減量同伴者の仕事は「体重を落とさせることではなく安全確認」

 DEEPでプロデビューし、修斗、PRIDE、DREAMと日本の格闘技シーンの最前線で戦ってきた青木真也(40)。現在はONEを主戦場とし、MMAで58戦ものキャリアを積み重ねてきた。業界のあらゆる事情に精通した男に、格闘技界で度々話題に上がる減量についてさまざまな観点で話を聞いた。(取材・文=島田将斗)

 近年、計量失敗のニュースが後を絶たない。日本最大の格闘技イベント「RIZIN」ではタイトル戦で王者が体重オーバーでベルト剥奪。今夏には21歳の若手選手が減量中の事故で帰らぬ人となった。

「どこまで公になっているか分からないけど、日本は罰則がきついんだよね。反則金のようなものがある。プロモーター側が罰則によって計量失敗をなくそうとしたんですよ」

 青木の意見はこうだ。

「減量方法とか階級制に対する知識を啓蒙していかなきゃいけないってずっと言ってる。あまり知恵のある人がいないから、罰則を強化しちゃった。

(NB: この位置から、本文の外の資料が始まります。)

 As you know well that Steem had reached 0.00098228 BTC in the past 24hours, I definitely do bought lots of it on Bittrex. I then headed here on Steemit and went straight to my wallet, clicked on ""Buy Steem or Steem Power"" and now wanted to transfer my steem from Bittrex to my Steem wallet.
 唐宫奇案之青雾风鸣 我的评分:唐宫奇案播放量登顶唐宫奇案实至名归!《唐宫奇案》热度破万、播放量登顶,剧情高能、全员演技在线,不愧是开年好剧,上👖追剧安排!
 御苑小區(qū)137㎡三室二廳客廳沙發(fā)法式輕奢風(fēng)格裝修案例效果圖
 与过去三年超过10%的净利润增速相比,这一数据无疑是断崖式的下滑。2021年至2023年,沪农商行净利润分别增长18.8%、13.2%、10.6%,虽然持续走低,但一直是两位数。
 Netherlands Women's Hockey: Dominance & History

だから事故が起きたりとか、ハードな失敗が起きたんじゃないですかね」

 減量方法については基本的にジムや選手に任されているため、知識に差が出ている現状がある。そんな中で団体側が積極的に発信できない理由としては「時間と手間、コストがかかる」ことだという。

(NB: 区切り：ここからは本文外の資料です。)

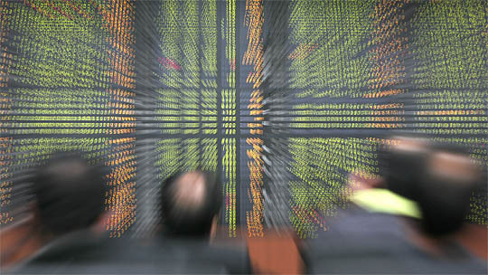 코수피 지수가 장중 한 때 1.100선이 붕괴됐던 22일 전주의 한 증권사에서 투자자들이 온통 초록색으로 물들어 있는 시황판을 보고 있다. 최선범(desk@jjan.kr)
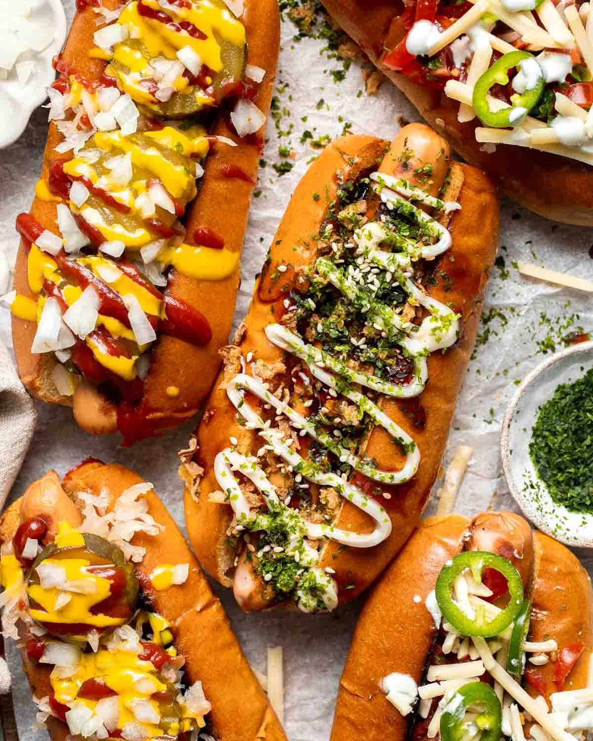 the famous hot dog. includes chicago, new york, and seattle dogs.
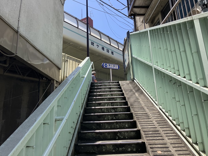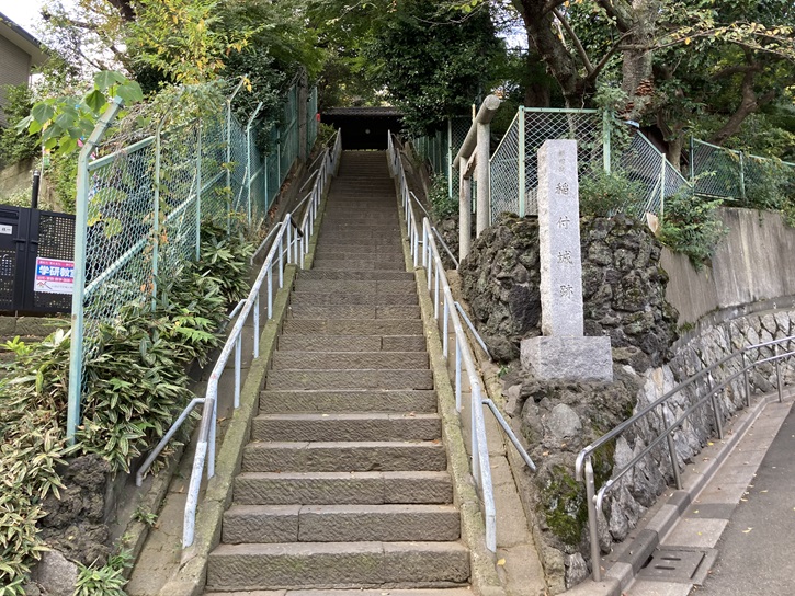 路地を進んだ先に階段が上がっています。階段の上に案内板があり、静勝寺からこの地点までのルートは「稲付の小径」という散歩道だったことが分かります。コースの見所が紹介されていて、こちらから歩いた方が良かったですね。
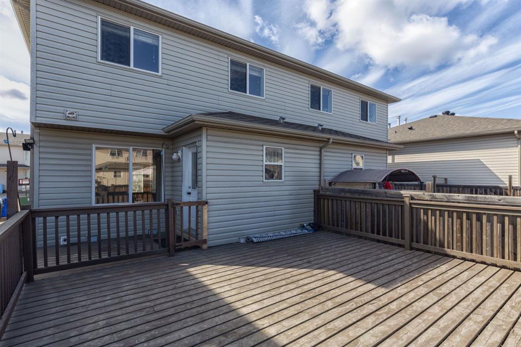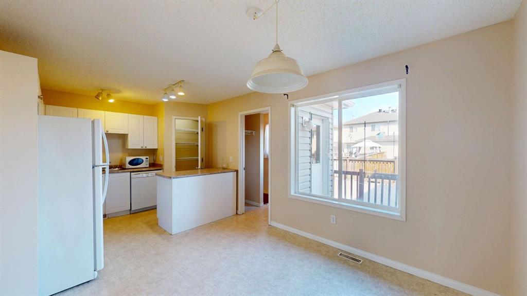 Welcome to 117 Kodiak Crescent, located in the subdivision of Bear Ridge! This half duplex is fully developed and would be an economical choice for anyone looking to get into the home buying market. With low condo fees and easy upkeep, this unit will please even the most discerning of buyers. Upon entering the main level from the double parking pad in front of the home, you are greeted with an inviting living space adorned with a gas fireplace that flows into the eat in kitchen, fully equipped with an island and corner pantry. Off the kitchen is a full sized deck that leads to the fully enclosed back yard, perfect for your four legged friends! The main level also offers a two piece powder room that conveniently doubles as the main floor laundry. Heading to the basement, there is one bedroom, a three piece bath with a stand-up shower, and another living room, complete with a fridge and sink, providing endless opportunities for entertaining friends. If it's privacy you're looking for, the separate entrance to the basement can be engaged by simply locking the door to the kitchen. Perfect if you have family on an extended stay! On the top level, are three generously sized bedrooms including the primary that has its own walk-in closet. The four piece bath and linen closet complete this floor. Within a one minute walk to the bus stop, great schools within walking distance, and the Birchwood Trails just across the main throughway, this is one property you don't want passing you by. The price is on pointe, and the low, low condo fees make it an easy choice.

 場合によっては“賠償”ということもある。格闘技界にはチケットを選手自身が手売りする文化があり、これがファイトマネーにもつながる。そのため、自分、もしくは対戦相手が計量ミスしてしまうと、さまざまな方面に影響が出てしまう。計量ミス時のリスクの所在についてこう言及した。

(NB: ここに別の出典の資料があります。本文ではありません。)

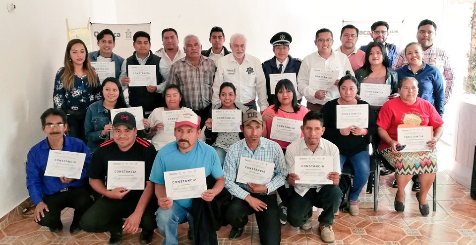 Autoridades de la Dirección General de Prevención del Delito y Participación Ciudadana clausuraron la capacitación y entregaron constancias a la población de las unidades de Tlacolula de Matamoros, Coatecas Altas, San Pablo Villa de Mitla, San Pedro Totolapa, Ejutla de Crespo, Santa Lucía del Camino, Tlalixtac de Cabrera y Santa María Huatulco.
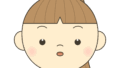 このイラストでは、ポニーテールの子が「え」の音を発音している様子を表現しています。
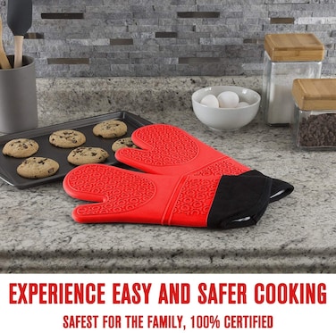 - <p>SAY GOODBYE TO BURNS! Our cooking gloves are heat resistant up to 500°F / 260°C durable and extra long to protect your hands and forearms from burns when using the grill or oven racks.<p>SAFE FOR THE WHOLE FAMILY: Set of 2 oven gloves with outer liner made from 100% BPA free FDA approved waterproof silicone with a soft and comfortable inner liner of 50% cotton and 50% polyester.<p>NEVER DROP A HOT POT AGAIN! These silicone oven mitts are comfortable, flexible and feature a lifted pattern for a textured and non-slip grip better than using pot holders. Our heat resistant gloves maintain a non-skid grip when reaching for heavy roasting pans, baking trays and dutch ovens.<p>CLEAN IN SECONDS! Cotton oven mitts are a hassle to keep clean, our silicone grill gloves are easily cleaned with warm water and soap. The inner quilted liner can be pulled out to clean, but is sewn at the seams so it’s never lost! Loops for easy storage.<p>THE ONLY OVEN MITTS YOU’LL EVER NEED: We’re so confident that you will love your pair of professional heat resistant oven gloves and if you are not completely happy please contact us and we’ll make it right!<p> Heat-Resistant : Offering protection up to 450°F, our oven gloves with quilted cotton lining offer improved comfort while cooking and grilling. Unmatched Quality: Crafted with FDA-approved, BPA-free silicone, our silicone gloves for cooking and grill use are backed by a 100% satisfaction guarantee. Non-Slip Grip:These silicone oven mitts are flexible, breathable and provide an improved control and stability thanks to a non-skid, textured palm. Superior Safety Length:With the lengths of 14.7”, our heat-resistant cooking gloves better protect fingers, hands and wrists from burns. Kitchen & Grill Versatility : Kitchen cooking gloves helps protect hands while holding hot plates and dishware, working over the grill or reaching into ovens.

「“賠償”リスクを背負うのは団体だと思うんですよ。団体が逃げてしまって労働者(選手)にリスクを背負わせようとするのはすごくムカつきます。俺にとっては他人事なんだけど、同じファイターとして自分がバカにされている気がする」

 プロである以上、ミスはあってはならないこと。しかし、厳しく“罰則”することで生じるリスクも何度も目にしてきた。「失敗すると自分をすごく追い込んじゃうんですよね」と眉間にしわを寄せる。特にミスをすればネットで袋叩きに合うのが現代だ。

「叩かれるのは当然で、それ自体はなくならない。でも、僕が思っているのは、自分の立ち位置ってなにかがあったときにフォローをできたり風向きを変えられる立ち位置ではあるということ。『ちょっと行き過ぎてるな』『あまり良い方向に行かねぇな』って思うときにはカバーするようにはしてる。助けられるんだったら助けようって」

 選手の減量は基本的に別の人間が付きそう。しかし、それは減量を確実に遂行するためではないと口を酸っぱくする。

「『お前がやらないといけないのは、安全を確認すること』って同伴者には言ってる。だから無理して絶対に(ロードワークに)行かせるなって。付き添い人がいるのは体重を落とさせることではなくて、例えば救急車を呼ぶとかストップをかけること。減量は危ないです、本当に」

 格闘家だからこそ感じたリスク。それはどんなものなのか。

「脱水症状って大体腎臓にくるんですよね。最初は急性腎不全になる。要は臓器のなかの1個がつぶれてるんですよ。それが2個、3個って続くと、もう死んじゃうんですよ。ひとつダメになっただけで数十%死ぬ可能性が上がる。日本の医療体制が良かったりして死なないから大丈夫と思ってるだけなんですよね。みんな麻痺してるんです」

 だからこそ、青木は自分のコンディションに合った体重、ライト級で試合をしている。「体重を落としてまで勝とうっていうマインドが実はないんですよ。そこまでする意味ある? (無理して階級を下げて戦うのは)チートだと思っているので。長続きもしないし、明らかに体に悪い」と説明した。

「フェザー級に落とせば? とはよく言われる」と明かす。「ギャラ上がるんだったら下げるよ? 階級軽い方が安いんだから。ギャラ変わらないのに、きつい減量するならそのままでやった方がいいって思う」と笑った。

 計量ミスはあってはならないこと。だが一方で、その原因は一つではない。表には出ない部分も含め、考えなければいけない問題を抱えているようだ。何より優先すべきは健康面のリスク回避。青木のようにあえて落とさない選択肢もあることを忘れてはならない。